I'm keeping the area under our feeders raked. We’ve already done this twice since the snow started melting, and will keep this up. (Raked-up waste makes fine compost but must be well screened to exclude birds.) This should be everyone’s normal routine at winter’s end anyway.

While bird flu is a risk, I’m only going to set out one bird bath, and will clean it and change the water every single day. (Even without bird flu, this should be done at least twice a week both to keep the water sanitary for birds and to keep mosquito eggs from hatching and larvae from emerging.) 

Common Redpoll

It wasn’t until late today that I learned that a crow in Minnesota tested positive, and no one will divulge where or what the circumstances were. I had planned to leave my feeders up until the redpolls disappeared. Now that I know about the crow, on the very unlikely chance that this happened in a Duluth neighborhood rather than hundreds of miles away from here in a wetland, I’m going to take down my tray feeders. I don’t like using tube feeders at this point in the year because if a bird is infected, its face as well as beak touch the feeder as it pulls out seeds, so those feeders are already inside. 

Fox Sparrow

I will keep scattering small handfuls of white millet and  nyjer here and there in the yard, switching spots from day to day to maximize spacing among the birds. 

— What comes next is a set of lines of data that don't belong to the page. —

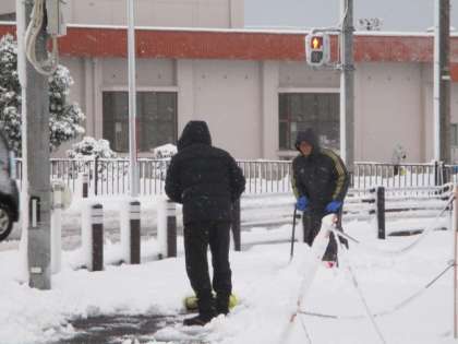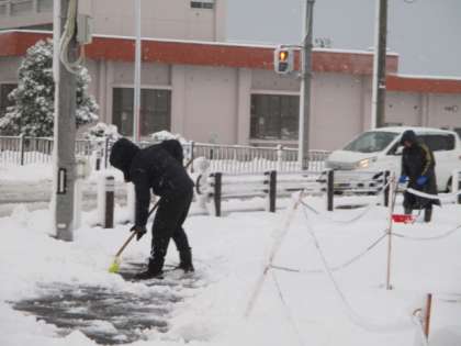 子供たちの安全な通学路を確保しようと、早くから職員が除雪作業を行いました。
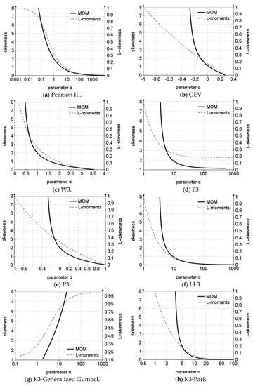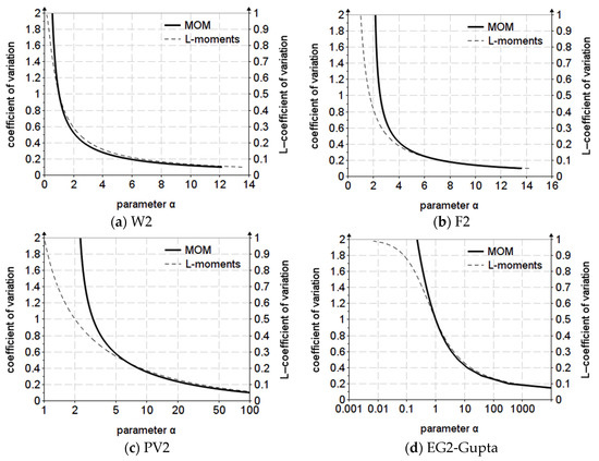 For two-parameter distributions, the definition range of the variable was determined as a function of for MOM and for L-moments. The limits of the definition domain of the parameter were established according to the extreme values of and , thus was calculated for , respectively, for . The functions and were plotted for both methods.
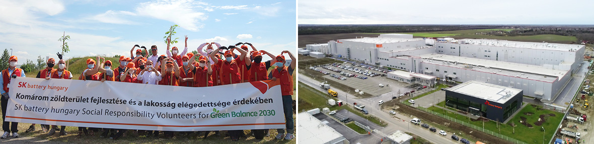 ▲ (Left) SK Battery Hungary members participate in company’s volunteer planting tree activity in June, joined by Komárom Mayor Attila Molnár and CEO of SK Battery Hungary Han Sang-kyu / (Right) SK Battery Hungary’s plant in by Komárom
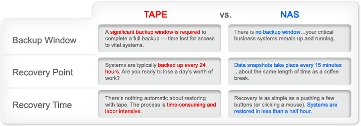Though tape backup is common, it’s far from being an ideal BDR solution. Analysts have said that over half of tape backups fail, so chances are that if you need to restore from tape, you’ll be out of luck. But assuming all goes well with tape backup, how does it compare with the NAS appliance?
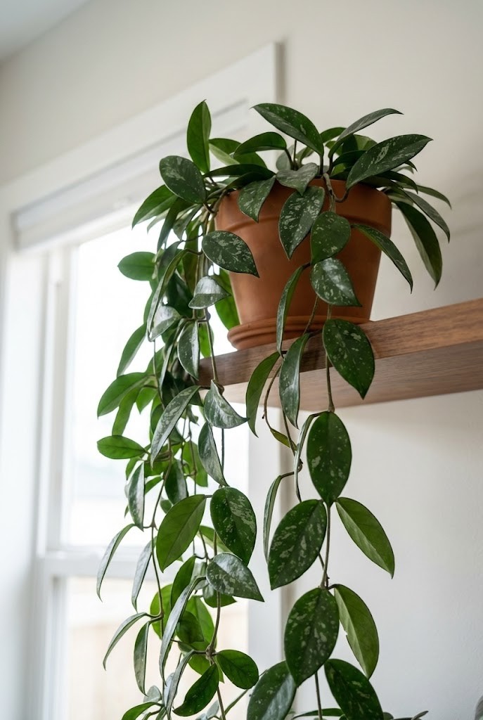 Hoya has thick, waxy leaves and a trailing shape that looks great on a high shelf. It gives you that collected plant feel without being fragile.
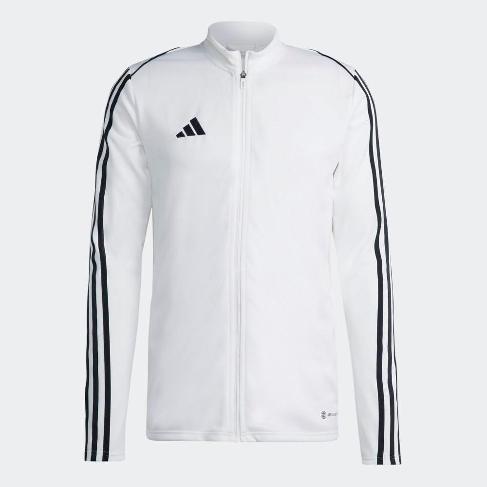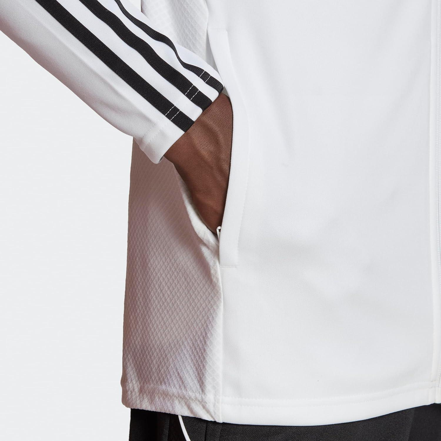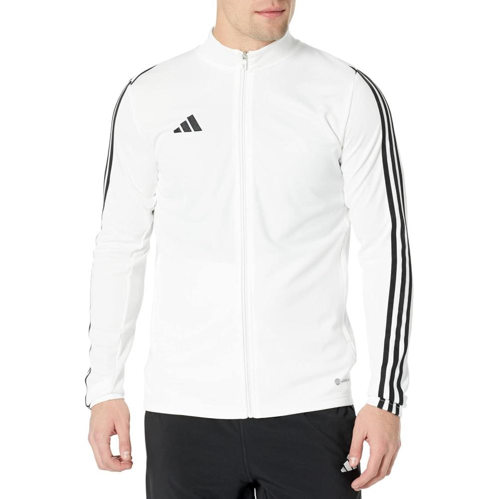 Soccer style for the stadium or the street. This men's adidas track jacket fits slim, so it won't get in your way. AEROREADY manages moisture when you heat up. Front pockets hold your wallet and phone and keep your hands warm.
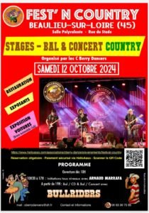 Le Samedi 12 Octobre 2024, Journée Fest’N Country, avec Stages et Bal Country Concert de Bullriders*, Salle Polyvalente, rue du Stade, à Beaulieu sur Loire (45), Loiret.
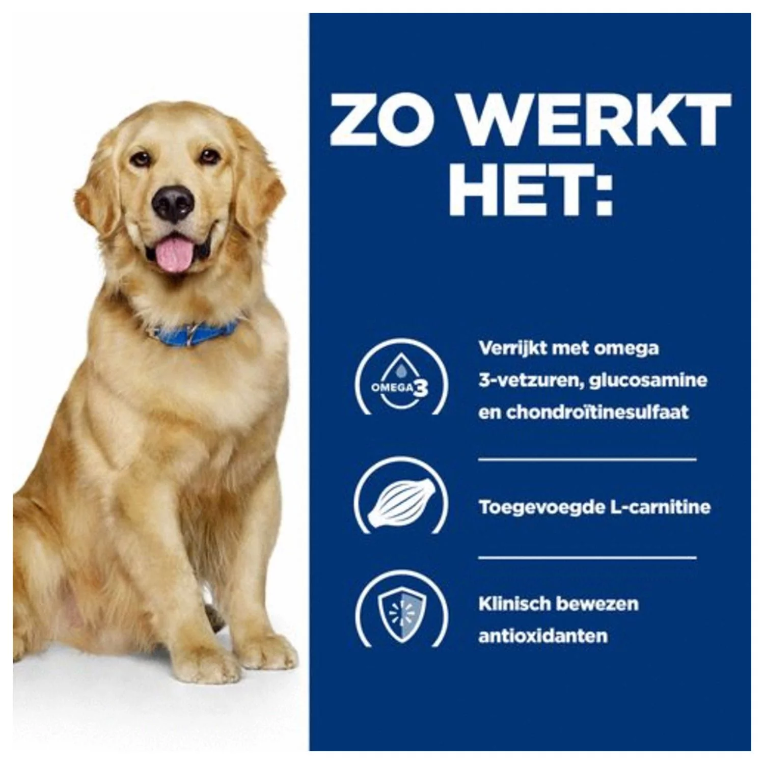 Problemen met de gewrichten van de hond kunnen erg vervelend zijn. Gelukkig is er Hill’s Prescription Diet j/d Joint Care hondenvoer. Een wetenschappelijk samengestelde voeding met kip die je hond ondersteunt bij het lopen, rennen, spelen en traplopen door pijnlijke gewrichten te verzachten en gezond kraakbeen te behouden. In slechts 21 dagen zal er een zichtbare verbetering optreden.
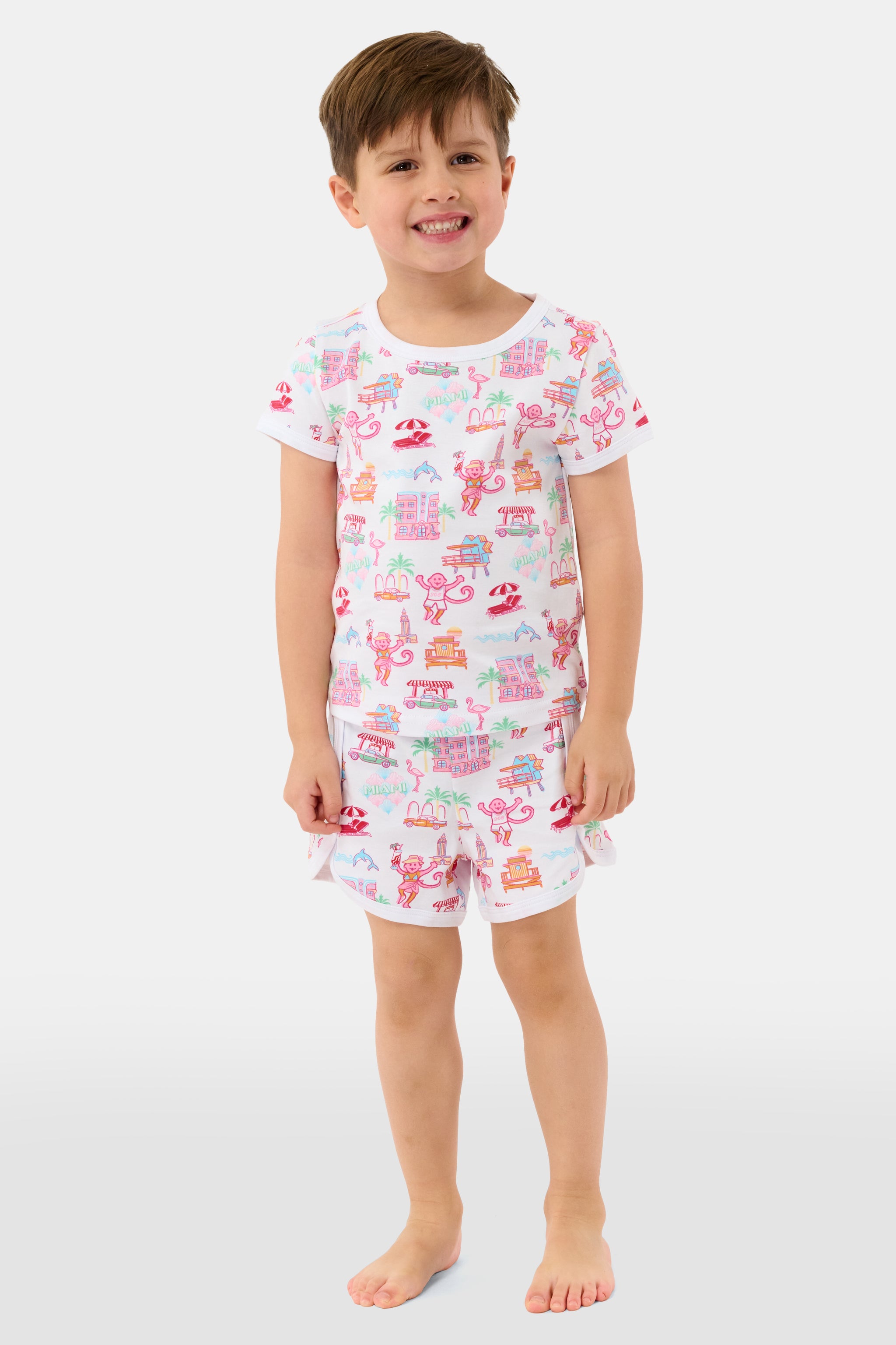 Making sandcastles just got a whole lot cuter. Pack our Kids Playa Set for your next beach vacay and let your little ones play and explore in Pima cotton comfort—and a cheeky, colorful Miami Monkey print!

Unless and until there are reports of any suet-eating birds contracting the virus, I’ll keep out some suet feeders. These are not ground-feeding species.

Unless I hear of any hummingbirds contracting the virus, I’ll set out my hummingbird feeders as usual. I always have twice as many feeders as I use so I can thoroughly clean them every 2 days, and every day when the temp is above 90º. That should be standard practice for feeding hummingbirds anyway.

Rufous Hummingbird

HIPAA privacy protections do not extend to birds, so there is absolutely no reason why the public shouldn’t be informed IMMEDIATELY when a songbird in their county tests positive. Universities, government agencies, and private organizations have a responsibility to share such crucially important information. And testing should be required for at least a reasonable percentage of sick and dead backyard birds suspected of having the disease. I don’t know how to pressure county, state, and federal governments to mandate and fund this testing, but it’s ridiculous that this critical information is not gathered systematically and made public as soon as it’s verified.